Eagle Borg exemplifies a growing fashion-technology trend hitting runways around the world. From 3D printed women’s pumps by architect Zaha Hadid and UN Studio‘s Ben van Berkel, to Anouk Wipprecht’s robotics-inspired Spider Dress and Chromat‘s biomimicry-infused Adrenaline Dress, daring designers are turning to new tools and materials to make original garments.


3D printing started the trend to infuse technology into fashion and allowed designers to transform sketches into real-life objects. As Vaverová’s work shows, 3D fashion technology brings new dimensions to garments, allowing people to create their own clothes or costumes once only seen in science fiction movies or comic books.

Michael Schmidt created one of the most famous 3D-printed dresses for Dita von Teese in 2013. The black robe decorated with Swarovski crystals broke new ground for other 3D dress designs worn by global celebrities such as Lady Gaga and Björk. But it was Dutch designer Iris van Herpen who launched 3D fashion into the spotlight with her collection “Escapism.” Her creation was among the top 50 inventions by Time magazine in 2011.


Today, 3D printing is common in the fashion industry, from haute couture dresses to personalized running shoes. 3D printing remains a springboard for many fashion designers eager to turn their ideas into reality quickly and affordably.

While it was her interest in sci-fi and fantasy worlds that got Vaverová hooked on fashion, new digital tools are helping many young designers spark new fashion trends and launch their own companies.

“I like to try new things, and primarily, I focus on costumes for art projects, sci-fi or futuristic ones,” said Vaverová, who started her own brand called MIMO.

To create Eagle Borg, Vaverová partnered with Martin Žampach and Tomáš Kubata at YSoft be3D, and used a DeeGreen 3D printer designed for consumer use in homes or offices.

“Getting familiar with 3D printing was a very inspiring experience for me,” she said.


From concept to final costume took four months. Early sketches show how eagle and man anatomies fused into an “eagleborg.” The helmet and the collar are 3D printed using approximately 28 ounces of PLA plastic along with corn starch and other natural materials.


As cool as the futuristic results can be, Vaverová doesn’t believe 3D printing technology will replace how common clothes are created — at least not in the near future.

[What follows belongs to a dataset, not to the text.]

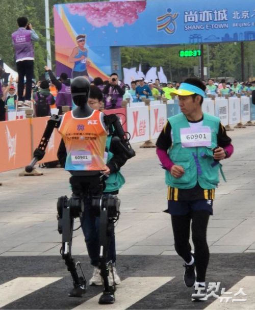 세계 최초 휴머노이드 로봇 마라톤 대회에서 우승한 톈궁. 임진수 베이징 특파원 |

“I see the role of 3D printing primarily not in the fashion industry but in healthcare,” she said. For those who need prosthetic limbs, the technology can be life changing.

Fashion items like 3D-printed bags, however, can raise public awareness about the possibilities for this technology, said Vaverová. She likes that the technology allows items to be fitted directly for the model and how things can be created without seams.


She said cloth as the classical fashion material has its limits. The designer is currently working on a new project of sci-fi costumes, opting to ditch leatherette and go directly for 3D printing. She expects it to take six months to complete.


In the meantime, she’s eager to meet design pioneers and technology experts to learn more about creating “smart” clothes infused with computer technologies.

“I would like to get networked with people engaged in this field,” said Vaverová. “I would like to join in. I realize this work is demanding. It takes a lot of time to study and produce [smart garments].”